_Exercise:_ Please restate the data below word for word, omitting all images.

_Source material:_
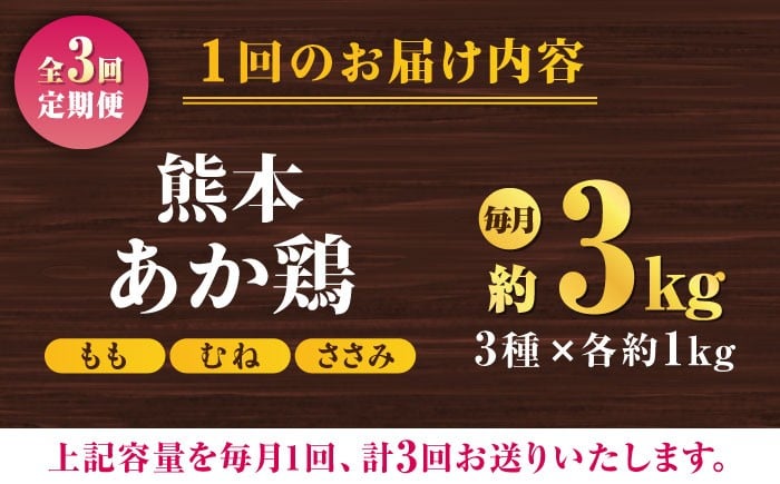 - 【3回定期便】熊本あか鶏 3種食べ比べセット(もも むね ささみ)各1kg【やまうちフード株式会社 熊本営業所】 熊本県 特産品 九州産 チキン [ZAB015]
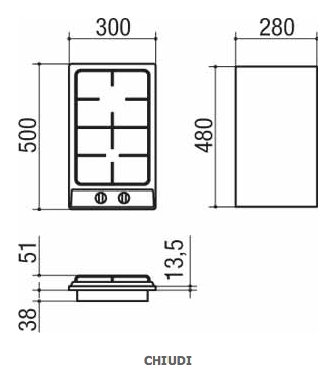 Piano cottura gas 2 zone 1PVG2 Vega Inox (30cm)
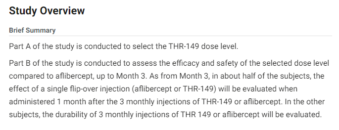 THR-149正在进行的II期临床名为KALAHARI,是一项由两部分组成的随机、前瞻性、多中心试验,旨在评估THR-149作为糖尿病黄斑水肿(DME)患者的潜在治疗方法。

_Reply to the exercise:_
 - 【3回定期便】熊本あか鶏 3種食べ比べセット(もも むね ささみ)各1kg【やまうちフード株式会社 熊本営業所】 熊本県 特産品 九州産 チキン [ZAB015]
 Piano cottura gas 2 zone 1PVG2 Vega Inox (30cm)
 THR-149正在进行的II期临床名为KALAHARI,是一项由两部分组成的随机、前瞻性、多中心试验,旨在评估THR-149作为糖尿病黄斑水肿(DME)患者的潜在治疗方法。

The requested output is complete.